## YOUR ASSIGNMENT
Take the material below and reproduce, word for word, only the lines from the line with "党委书记曹静和机械工业出版社" through the line with "A plena luz".

Start of LISTED ENTRIES

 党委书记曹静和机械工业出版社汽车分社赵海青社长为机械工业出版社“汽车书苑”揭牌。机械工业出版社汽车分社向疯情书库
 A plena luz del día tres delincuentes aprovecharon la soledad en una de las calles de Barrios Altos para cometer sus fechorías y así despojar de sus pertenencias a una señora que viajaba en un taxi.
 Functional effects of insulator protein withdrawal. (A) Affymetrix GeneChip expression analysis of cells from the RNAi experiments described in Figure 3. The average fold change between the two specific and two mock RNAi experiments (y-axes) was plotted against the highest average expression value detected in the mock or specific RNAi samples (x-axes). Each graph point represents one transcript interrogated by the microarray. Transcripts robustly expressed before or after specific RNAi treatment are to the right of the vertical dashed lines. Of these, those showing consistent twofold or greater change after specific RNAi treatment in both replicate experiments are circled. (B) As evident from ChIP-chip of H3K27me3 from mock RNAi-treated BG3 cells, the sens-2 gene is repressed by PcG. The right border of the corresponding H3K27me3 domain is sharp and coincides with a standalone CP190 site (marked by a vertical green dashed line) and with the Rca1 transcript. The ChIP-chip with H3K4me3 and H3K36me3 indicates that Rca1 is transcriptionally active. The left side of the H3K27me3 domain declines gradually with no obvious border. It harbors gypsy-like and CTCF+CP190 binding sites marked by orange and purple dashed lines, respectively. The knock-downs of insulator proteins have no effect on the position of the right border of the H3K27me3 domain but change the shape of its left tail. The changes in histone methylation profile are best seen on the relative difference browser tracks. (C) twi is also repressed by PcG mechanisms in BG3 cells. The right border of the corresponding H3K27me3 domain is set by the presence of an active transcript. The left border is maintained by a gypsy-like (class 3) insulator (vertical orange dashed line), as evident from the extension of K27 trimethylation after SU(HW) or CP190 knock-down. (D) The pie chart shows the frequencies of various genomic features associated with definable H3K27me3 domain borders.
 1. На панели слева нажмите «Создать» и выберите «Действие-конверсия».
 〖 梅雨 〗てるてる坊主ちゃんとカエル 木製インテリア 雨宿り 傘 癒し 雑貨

End of LISTED ENTRIES
Start of LISTED ENTRIES

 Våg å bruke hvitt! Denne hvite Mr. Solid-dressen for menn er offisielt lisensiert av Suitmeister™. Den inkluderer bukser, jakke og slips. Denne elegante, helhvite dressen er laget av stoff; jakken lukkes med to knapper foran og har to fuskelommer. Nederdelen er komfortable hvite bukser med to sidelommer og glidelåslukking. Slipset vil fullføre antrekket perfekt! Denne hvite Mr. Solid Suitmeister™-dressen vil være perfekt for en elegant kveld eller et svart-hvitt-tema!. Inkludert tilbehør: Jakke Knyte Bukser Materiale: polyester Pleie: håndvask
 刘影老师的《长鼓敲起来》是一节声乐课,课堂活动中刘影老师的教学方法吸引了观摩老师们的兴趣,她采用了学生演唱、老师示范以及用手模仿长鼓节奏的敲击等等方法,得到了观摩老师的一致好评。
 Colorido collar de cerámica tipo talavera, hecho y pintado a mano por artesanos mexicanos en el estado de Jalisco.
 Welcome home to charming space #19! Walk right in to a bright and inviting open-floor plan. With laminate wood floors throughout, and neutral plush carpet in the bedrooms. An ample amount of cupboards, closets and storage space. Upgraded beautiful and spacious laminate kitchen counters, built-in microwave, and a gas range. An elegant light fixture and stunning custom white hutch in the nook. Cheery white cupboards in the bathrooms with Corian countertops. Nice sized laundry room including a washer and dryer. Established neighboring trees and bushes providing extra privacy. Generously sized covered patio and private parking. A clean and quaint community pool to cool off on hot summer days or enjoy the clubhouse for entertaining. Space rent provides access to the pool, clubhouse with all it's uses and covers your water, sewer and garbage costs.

End of LISTED ENTRIES

## TASK SOLUTION
 党委书记曹静和机械工业出版社汽车分社赵海青社长为机械工业出版社“汽车书苑”揭牌。机械工业出版社汽车分社向疯情书库
 A plena luz del día tres delincuentes aprovecharon la soledad en una de las calles de Barrios Altos para cometer sus fechorías y así despojar de sus pertenencias a una señora que viajaba en un taxi.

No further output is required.